By Theofilos Ioannidis (tioannid [at] di [dot] uoa [dot] gr), created on , last updated on
The FAIR Data Principles [1] feature 15 facets corresponding to the four letters of FAIR - Findable, Accessible, Interoperable, Reusable. These principles are gradually being adopted by the research world. The European Commission, in an effort to promote these principles, has expanded its demand for research to produce open data.
FAIR data principles place emphasis on enhancing the ability of machines to automatically find and use the data and clearly states that it is distinct from peer initiatives that focus on the human scholar. As pointed out in [2], Interoperable and Reusable facets of FAIR are very difficult to adhere to and require time and resources. Therefore the initiative, does not prioritize creating a human scholar friendly platform.
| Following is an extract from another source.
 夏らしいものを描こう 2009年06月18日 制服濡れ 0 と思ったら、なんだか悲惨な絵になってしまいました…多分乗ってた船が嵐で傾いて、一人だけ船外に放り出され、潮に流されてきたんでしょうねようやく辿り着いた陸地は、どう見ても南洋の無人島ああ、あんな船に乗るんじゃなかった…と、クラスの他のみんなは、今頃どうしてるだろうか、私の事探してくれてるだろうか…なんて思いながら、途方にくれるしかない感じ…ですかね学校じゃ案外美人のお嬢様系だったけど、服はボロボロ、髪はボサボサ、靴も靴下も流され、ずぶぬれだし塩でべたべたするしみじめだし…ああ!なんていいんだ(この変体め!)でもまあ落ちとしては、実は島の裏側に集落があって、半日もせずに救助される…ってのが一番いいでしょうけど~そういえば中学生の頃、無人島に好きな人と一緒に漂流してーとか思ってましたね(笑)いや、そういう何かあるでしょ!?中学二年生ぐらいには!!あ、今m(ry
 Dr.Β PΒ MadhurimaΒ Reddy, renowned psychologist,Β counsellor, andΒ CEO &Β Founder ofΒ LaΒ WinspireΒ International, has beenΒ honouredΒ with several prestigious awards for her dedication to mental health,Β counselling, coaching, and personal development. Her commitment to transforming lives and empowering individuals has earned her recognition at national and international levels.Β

The authors in [3] state that, open access to research data may become a double-edged sword as FAIR principles encourage systematic reuse of data and metadata standards which may facilitate the introduction and perpetuation of errors, bias and questionable interpretations, and limitations of the original study. Therefore additional checks on research quality and integrity of data and methods are needed.
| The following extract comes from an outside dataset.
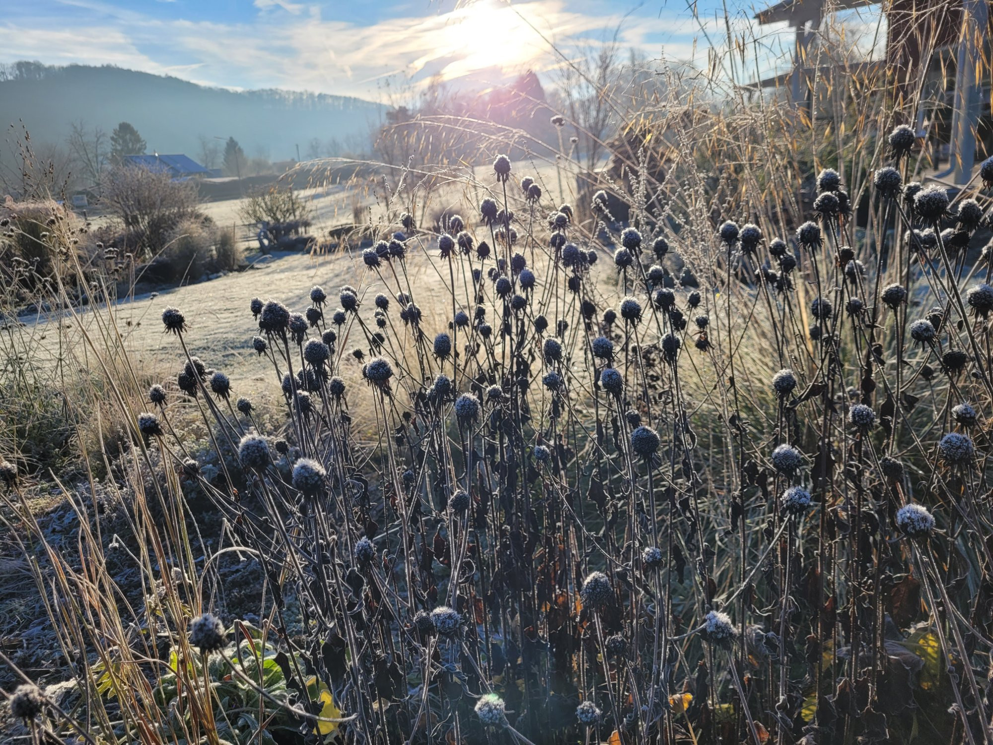 'Goldsturm ' ist mir hier fast zu ausbreitungsfreudig, sowohl mittels seiner Ausläufer als auch durch Versamung. Das nervt mich ziemlich, obwohl ich ihn sehr mag und eigentlich nicht auf diese gelben Sonnen verzichten möchte. Er ist übrigens hier in der Grundrosette fast wintergrün und gibt mit seinen dunklen Knöpfchen durchaus einen schönen Winteraspekt ab. Braucht halt im Beet etwas Platz...

HOBBIT [4] (Holistic Benchmarking of Big Linked Data) is a benchmarking framework platform that by design tries to comply to the FAIR data principles initiative. These platforms are benchmarking frameworks designed for deployment to cloud infrastructures, with distributed file systems and containerization technologies. They are multi-user environments where researchers can store and share datasets, querysets, execution results and system modules. They promise increased reuse of implemented systems and workloads, improved transparency of experiment results by allowing easy repetition of experiments and result comparisons and assisting users in managing the whole process with intuitive web UIs. HOBBIT is the most complete of these platforms, extends the scope of benchmarking to the entire linked data life-cycle, such as link discovery, employs intuitive web UIs and allows the integration of systems in various programming languages.
A common problem for all similar distributed infrastructures is that they require from the user a substantial initial investment of time to learn all related technologies, UIs and especially the platform APIs, such as, the benchmarking API. In addition, to the substantial effort and time required to learn especially the platform APIs, a set of rules and policies usually dominate these environments and dictate the style and pace of work. Side-effects of HOBBIT's compliance to the FAIR initiative is that, substantial effort and time is required for learning the HOBBIT platform core API and the RabbitMQ message broker API, as well as, familiarizing oneself with the Docker technology stack [5] and the Maven build tool-chain.
Many containers are required for benchmark and systems. More specifically 4 containers (Data Generator, Task Generator, Evaluation Module, Benchmark Controller) [HOBBIT: How to integrate a Benchmark] are needed to describe a benchmark and up to 2 containers (System and SystemAdapter) [HOBBIT: How to Integrate Your Own Code] for each system to be tested.
Each system, benchmark and experiment is required to provide a [HOBBIT ontology] compliant model as an RDF file in Turtle format, which describes the component properties, optional configuration parameters, docker image URLs, etc.
The standard way of uploading a system or benchmark to the HOBBIT platform, requires that their respective containers are git-pushed to a Docker registry on a Gitlab repository and the RDF model file is committed to this repository.
The researcher is not spared any effort on setting up, configuring, optimizing and dockerizing the system that needs to be tested. Instructions are available on using skeleton Java classes for creating generic SystemAdapter and Benchmark components, which leaves system and benchmark related coding to the user. This missing knowledge includes system architecture setup and geospatial or GeoSPARQL support, e.g. configuring RDF store memory allocation based on the available container memory or customizing the spatial index to be used for the repos. The data loading process is part of the containers' code, which does not allow for RDF store external and more efficient bulk loader utilities to be incorporated to properly evaluate the stores. Monitoring and handling query execution phases is upon the users to provide if they would like fine-grained control over exception handling.
Overall, it seems that HOBBIT achieves generality to accommodate benchmarks across the whole Linked Data life-cycle, achieves component flexibility with containerization, promotes language independence, vertical scalability and compliance to FAIR initiative. On the other hand, HOBBIT increases platform complexity, sacrifices usability for new users and does not provide out-of-the-box benchmark-specific and system-specific knowledge reusability for benchmark researchers. Human scholars need to heavily invest on this framework and still not get the expected assistance for their effort. In the context of an already difficult and detailed task as benchmarking, this additional set of requirements may seem unfair to many benchmark researchers.